Exhibitions: Boubat, Doisneau: Witnesses

By April Rapier

Edouard Boubat and Robert Dois­neau. Benteler Gallery, 2815A Colquitt, Houston, October 23- December 7.

Experiencing the photographs of Robert Doisneau and Edouard Boubat allows the viewer the purest sort of pleasure, avoyeuristic experience enriched dimensionally by their his­torical content. Boubat's pictures, some drawn from travels over the world, are those of an invisible voy­ager who dearly loves what he sees. Encounters are kept to a minimum, and are functional, supporting his capacity as director of an image; perhaps his patience is infinite and his input on the image and its subjects was minimal. No matter. Few pho­tographers are able to venture out­side their realm and maintain such an open-minded, neutral eye. "Jardin des Plantes, Paris," 1980, a picture in which a nude reclines in a zany gar­den, bears homage to Rousseau. In another, "Parc de St. Cloud,'' 1981, a couple and a statue of a couple are seen at opposite ends of a park, in identical poses. These pictures, as others, are graced with a keen sense of humor. Even the more obvious travel-related images that Boubat chose not to pass up are joyous and gentlemanly, and rendered with great care, breaking free from the status quo of cataloguing unfamiliar terrain.

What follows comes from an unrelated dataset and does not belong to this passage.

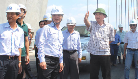 | Bộ trưởng Đinh La Thăng kiểm tra tiến độ và chất lượng cầu Nhật Tân. |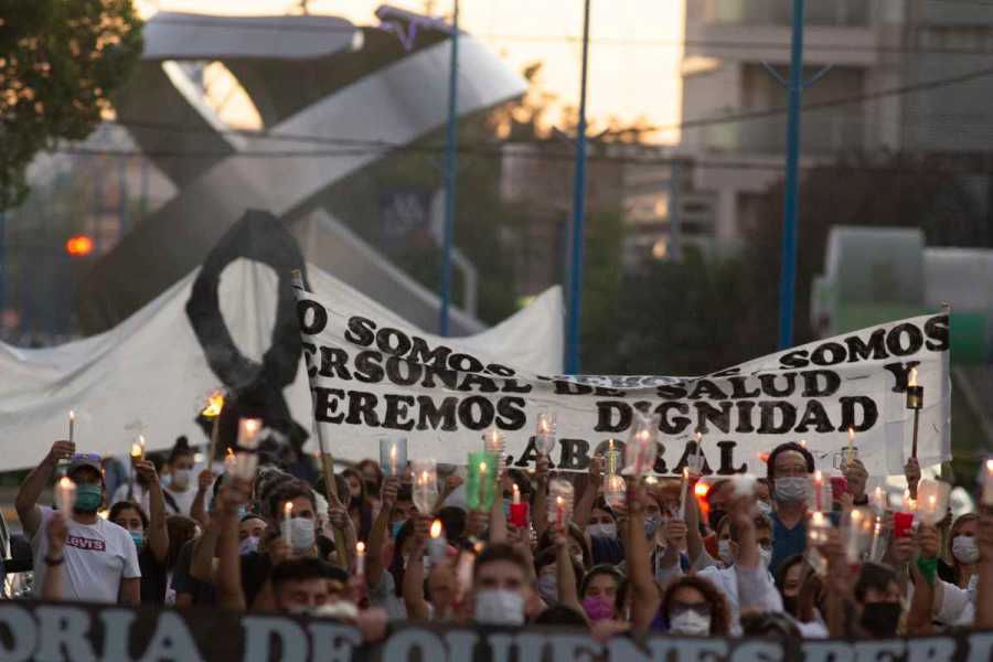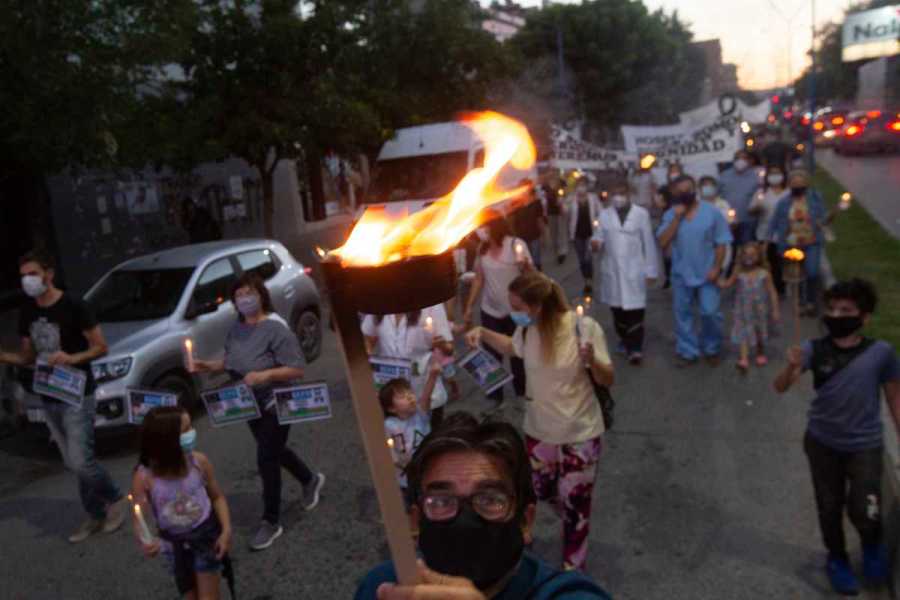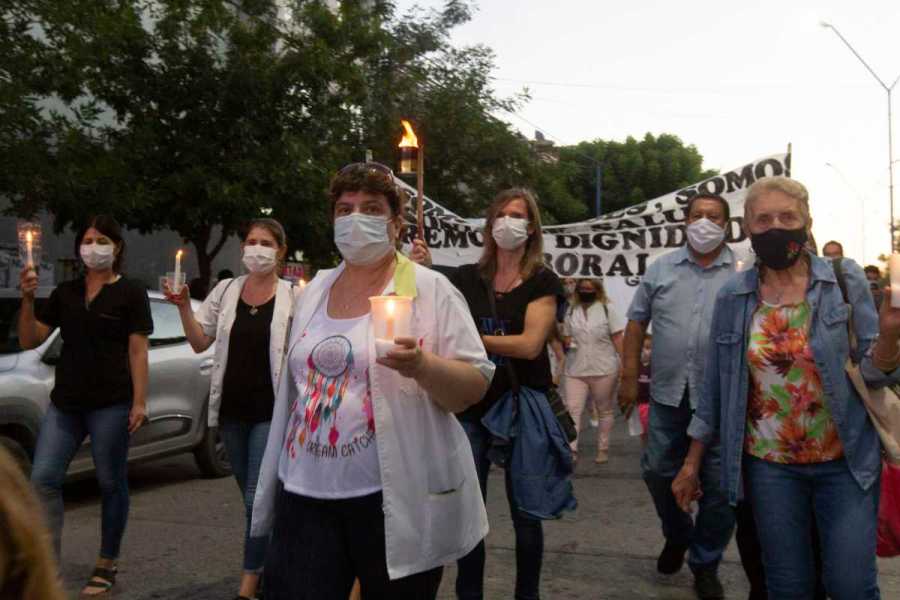 Una marcha de antorchas se hizo anoche en Roca, como anticipo de la reunión que los trabajadores autoconvocados de salud mantendrán hoy con el gobierno provincial y con los gremios ATE y UPCN.

Doisneau is a more demonstrative photographer, his images bearing evidence of having been choreo­graphed. This is not to say that they are, nor is it an indictment of staged image making, no matter the time period. But they feel a bit encum­bered by a voyeuristic stodginess, whereas Boubat's influence is quiet, suggestive. One envisions Doisneau as stolid, Boubat as innocent of de­vice or mannerism. Both portfolios are equally important, however, with regard to historical and sociological implications; the context of realism never comes into question. At times, Doisneau’s approach seems documentary: one sees a newly wedded couple crossing the street en route to a bar; in a subsequent shot, the couple is inside, he drinking from her glass, surrounded by a barmaid and two watchful onlookers. Another shows a bartender gesturing to a less-than-captive audience, his extem­poraneous style lost on the crowd. One wonders how he was able, in a well-known series taken from inside an art dealer's window in France, 1948, to capture the varied reactions to a prominently displayed nude. The responses vary from scandalized to wholehearted approval. "La Marieé Chez Gigéne," 1946, is of a bride on a seesaw: she is preoccupied with the playfulness of youth soon to disap­pear. Her groom is nowhere in sight. It is wondrous to bear witness to Europe in the 1940s and 50s, albeit second hand; the hysteria and uncer­tainty of a pre- and post-wartime country are sublimated into a grate­ful, rhythmic dance of normalcy, one aspect in a vast range of work in this exhibit which inaugurates the new home of the Benteler Gallery.